Datum behandeling van het stuk Indiener(s) Referentie Blz.
09/03/2021 Ontvankelijk p.m.
 
Vraag    In oktober jl. heeft de "Ligue Bruxelloise pour la Santé Mentale" het verslag gepubliceerd van haar colloquium van 9 december 2019: "Gouverner le soin, soigner à contre-courant". In dit kader heeft de Liga een hele reeks aanbevelingen op het gebied van de geestelijke gezondheid voorgesteld. Vandaag wilde ik van u horen over één daarvan: onderzoek naar de geestelijke gezondheid.
Het Federaal Kenniscentrum voor de Gezondheidszorg (KCE) heeft in een in 2019 gepubliceerd rapport erkend dat de behoeften inzake geestelijke gezondheid van de Belgische bevolking niet voldoende gekend zijn en dat het zorgaanbod (omdat het gediversifieerd en verspreid is) te onduidelijk is. Het Centrum merkt op dat er, naast de erkende diensten, een officieus zorgaanbod bestaat dat door sommige diensten is ontwikkeld.
Wij weten dat de sector van de geestelijke gezondheidszorg complex is, evenals de behoeften op het vlak van geestelijke gezondheid. Meer dan ooit echter vragen de mensen die in de sector werken, de patiënten en hun familie om een betere afstemming van de geestelijke gezondheidszorg op de behoeften.
De zogenaamde "107" hervorming van de geestelijke gezondheidszorg is duidelijk een stap in de goede richting en bevestigt het streven naar een zorg waarbij de patiënt centraal staat. Niettemin missen we een duidelijke visie op de behoeften inzake de geestelijke gezondheid in verhouding tot de bestaande antwoorden.

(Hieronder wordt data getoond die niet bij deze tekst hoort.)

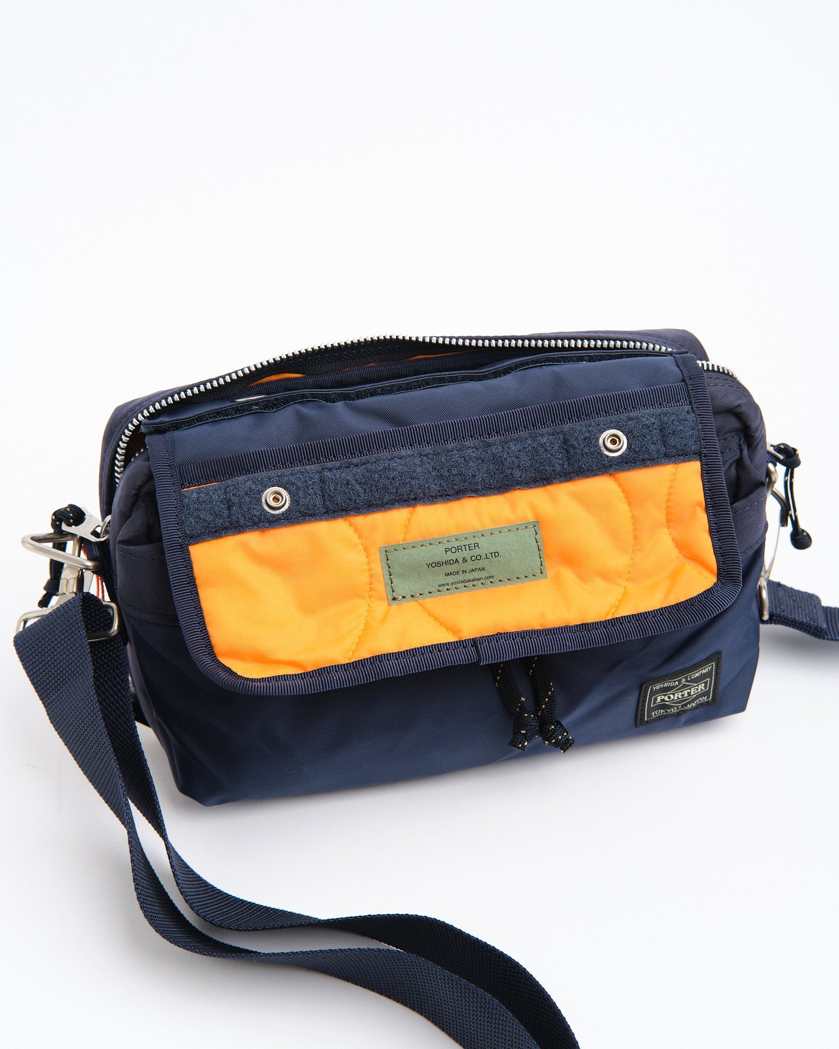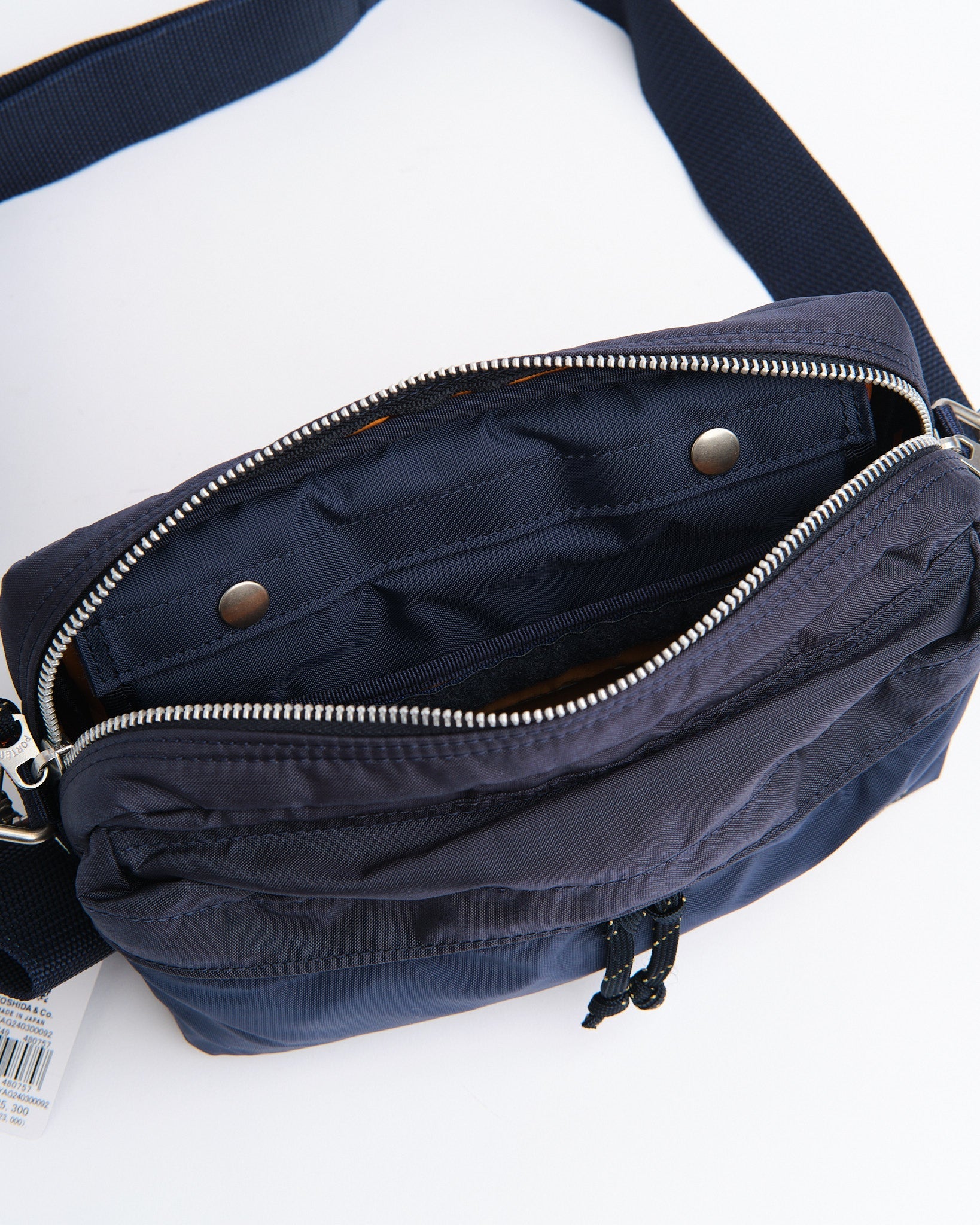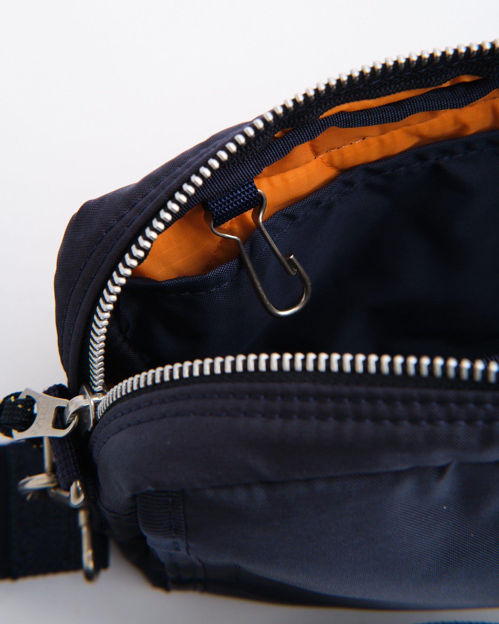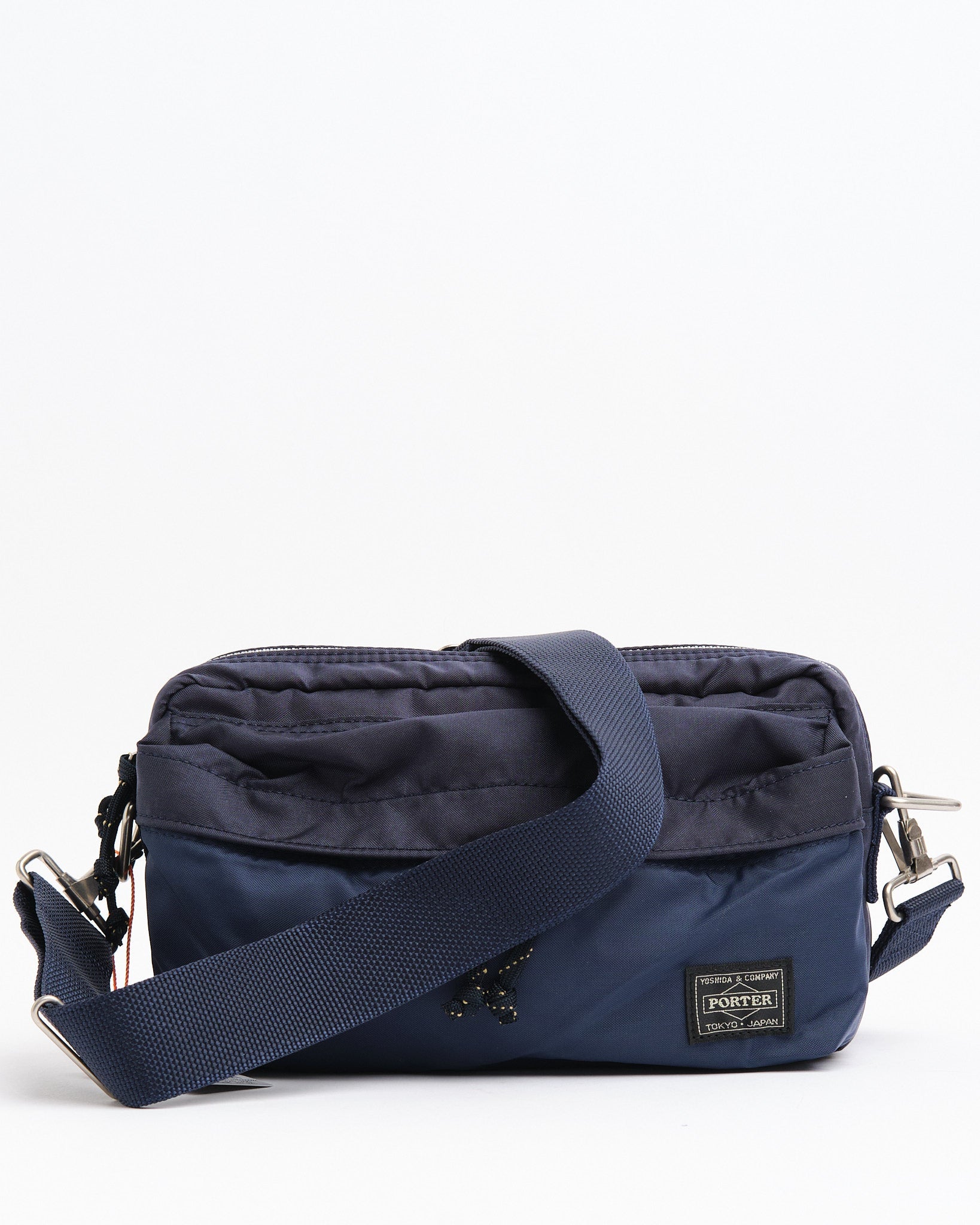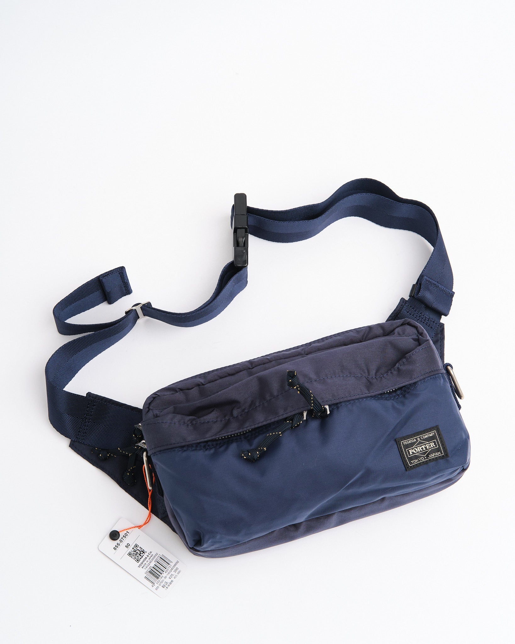 PORTER BY YOSHIDA Force 2-Way Waist Bag on osa PORTER FORCE -sarjaa, joka on saanut inspiraationsa sotilaallisesta estetiikasta ja sotilastavaroiden satunnaisista värierosta. Tämän suunnittelun määrittelevä piirre on hienovarainen väriero etutaskun kankaan ja laukun pääosan kankaan välillä, mikä saa sen näyttämään siltä, kuin eri kangaseriä olisi käytetty. Tämä sarja omaksuu sotilasvaatteissa ja -varusteissa luonnostaan esiintyvät epäsäännölliset värimaailmat.

De Liga vraagt dat wij op Belgisch niveau, maar ook op Brussels niveau - of zelfs op gemeentelijk niveau - de prevalentie, de ernst, de behoeften en het zorgaanbod kunnen evalueren, maar ook het aantal gebruikers en dienstverleners, het gebruik van de diensten, de kosten, de resultaten en de kwaliteit van de diensten.
Gegevens die momenteel niet bestaan en die de ontwikkeling van een aangepast zorgaanbod mogelijk zouden kunnen maken.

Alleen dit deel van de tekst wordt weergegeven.